At first, he worked in the family’s domestic distribution business but his focus on tourism-related opportunities grew as the enterprise started to develop outlet stores in popular visitor destinations. From there expressways (shops and restaurants) and domestic airports came into play.
“The Philippine travel retail market must be seen through a broader prism than just international airport traffic, because inter-island tourism is huge..”
“The last few years has been about refining the toolkit – beyond just thinking of individual brands but actually developing concepts. So we started to create concept stores which could house some of those brands and categories. The bulk of our creative work has been in segmenting the concepts to serve the different nationalities.
“For example, while the focus of Cebu is on the Chinese and Koreans, because Terminal 3 [at Ninoy Aquino International Airport in Manila] houses separate international and domestic wings, we had to keep both returning Filipinos and international passengers heading for their island destinations in mind. That’s where you’ll see our additional focus on athleisure with brands such as Nike and Adidas, with the swim category and with popular gifting items like local delicacies and Krispy Kreme.
“Our L Brands partnership has also been a very strong one with Victoria’s Secret, and we’re proud of having one of the few Bath & Body Works locations in airports. That ties in with the strong connection that the Filipinos have with those brands in the US.”
Esteban says that the company continually challenges the traditional line-up of brands in the travel retail space. “The core challenge when you’re looking at a larger-scale airport operation is about increasing penetration. When trying to increase penetration, you realise that you cannot select a brand mix with only one demographic in mind. That challenges you to develop offers to appeal to each demographic – because the offer for a Filipino versus that for a Chinese or Korean customer is quite different.
The well-ranged sunglasses category in Cebu features many of the world's leading brands.

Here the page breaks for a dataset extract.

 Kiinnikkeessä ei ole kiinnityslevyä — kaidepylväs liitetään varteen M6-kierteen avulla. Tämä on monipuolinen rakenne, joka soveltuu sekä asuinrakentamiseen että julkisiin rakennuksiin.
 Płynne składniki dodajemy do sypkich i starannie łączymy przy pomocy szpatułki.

“Cebu allows us to learn about the foreign traveller, the Chinese and the Koreans and the Japanese, while Manila has a large number of local travellers and allows us to use what we know about the Filipino travel market.” In terms of the latter, Esteban is extremely bullish, driven by the fact that the Philippines has not only a very young population with increasing spending power, but also a constant inflow of overseas foreign workers returning home.
“The consumption numbers in the Philippines are quite strong, so that lends itself very strongly to travel. Around 21 percent of GDP is now from tourism, according to the World Travel & Tourism Council. And that’s part of the story that we also wanted to tell – that the Philippine travel retail market must be seen through a broader prism than just international airport traffic, because inter-island tourism is huge. The use of domestic travel is central for the international passenger. At the same time, we give our Filipino travellers access to world-class brands and experiences.”

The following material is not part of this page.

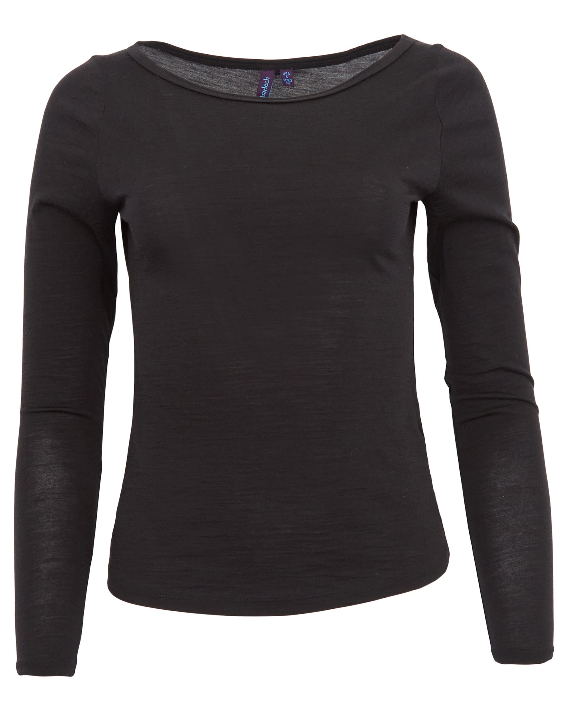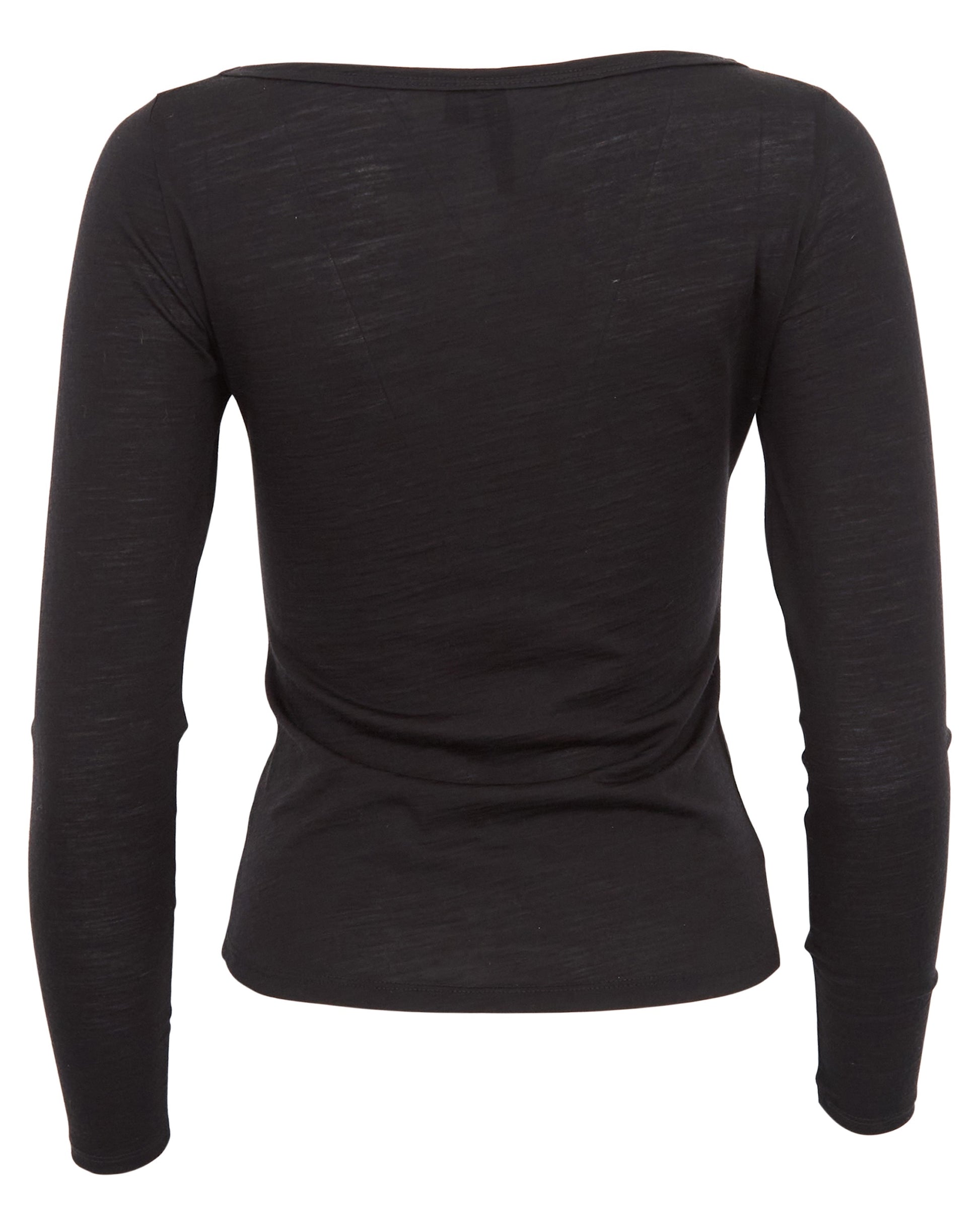 CARLY MERINO LONG SLEEVE CREWNECK SHIRT - BLACK

The majority of the country’s most attractive destinations lack direct international flights, which drives often high-spending traffic into domestic airports, in turn spawning numerous retail opportunities. “Our effort has been in finding new avenues, new channels and new concepts within the travel retail scope,” says Esteban. “That’s necessary in our market because we aren’t a traditional travel retail door with a single super airport that acts as the end destination for a tourist. The islands are all part of the diversity of our diaspora, so we have to operate in many airports.”
For now, though, the majority of Regent’s business remains at Ninoy Aquino International, where the company operates in T1 with a coffee shop and retail in T3 and T4 (Landmark has operations with DFP in T1, T2 and T3) and Cebu with Mactan Travel Retail. Regent also operates beauty & convenience at Kalibo International Airport, which serves the hugely popular island destination of Boracay. The company is pushing hard to get into more regional airports and in coming months will open stores in Puerto Princesa, gateway to Palawan.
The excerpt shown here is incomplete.